Considering the 90-day investment horizon Sealed Air is expected to generate 1.04 times more return on investment than Apple. However, Sealed Air is 1.04 times more volatile than Apple Inc. It trades about 0.18 of its potential returns per unit of risk. Apple Inc is currently generating about -0.15 per unit of risk. If you would invest  3,483  in Sealed Air on December 29, 2023 and sell it today you would earn a total of  208.00  from holding Sealed Air or generate 5.97% return on investment over 90 days.
Time Period3 Months [change]
DirectionMoves Against 
StrengthInsignificant
Accuracy100.0%
ValuesDaily Returns

Sealed Air  vs.  Apple Inc

 Performance 
       Timeline  
Sealed Air 

Risk-Adjusted Performance

1 of 100

 
Low
 
High
Weak
Compared to the overall equity markets, risk-adjusted returns on investments in Sealed Air are ranked lower than 1 (%) of all global equities and portfolios over the last 90 days. In spite of rather sound technical and fundamental indicators, Sealed Air is not utilizing all of its potentials. The recent stock price tumult, may contribute to shorter-term losses for the shareholders.
Apple Inc 

Risk-Adjusted Performance

0 of 100

 
Low
 
High
Very Weak
Over the last 90 days Apple Inc has generated negative risk-adjusted returns adding no value to investors with long positions. Despite latest unfluctuating performance, the Stock's basic indicators remain persistent and the latest mess on Wall Street may also be a sign of long-standing gains for the company institutional investors.

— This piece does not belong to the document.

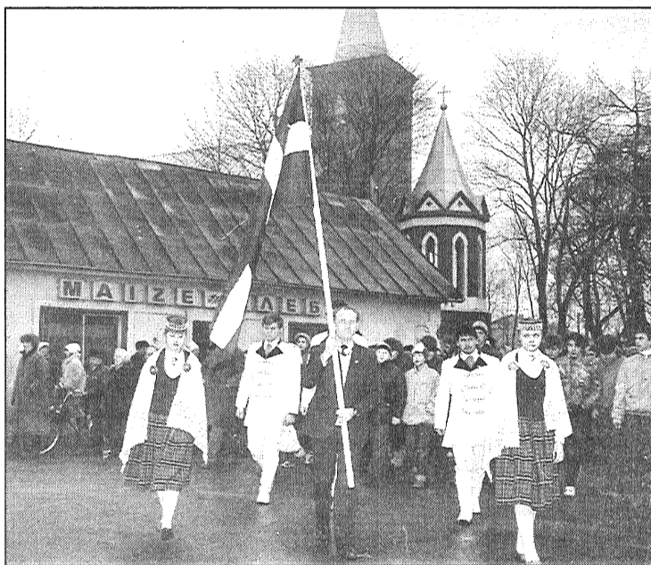
● 1989. gada 25. februārī pēc Latvijas karoga iesvētīšanas Preiļu Romas katoļu baznīcā.

Sealed Air and Apple Volatility Contrast

   Predicted Return Density   
       Returns  

Pair Trading with Sealed Air and Apple

The main advantage of trading using opposite Sealed Air and Apple positions is that it hedges away some unsystematic risk. Because of two separate transactions, even if Sealed Air position performs unexpectedly, Apple can make up some of the losses. Pair trading also minimizes risk from directional movements in the market. For example, if an entire industry or sector drops because of unexpected headlines, the short position in Apple will offset losses from the drop in Apple's long position.
The idea behind Sealed Air and Apple Inc pairs trading is to make the combined position market-neutral, meaning the overall market's direction will not affect its win or loss (or potential downside or upside). This can be achieved by designing a pairs trade with two highly correlated stocks or equities that operate in a similar space or sector, making it possible to obtain profits through simple and relatively low-risk investment.
Check out your portfolio center.
Note that this page's information should be used as a complementary analysis to find the right mix of equity instruments to add to your existing portfolios or create a brand new portfolio. You can also try the Latest Portfolios module to quick portfolio dashboard that showcases your latest portfolios.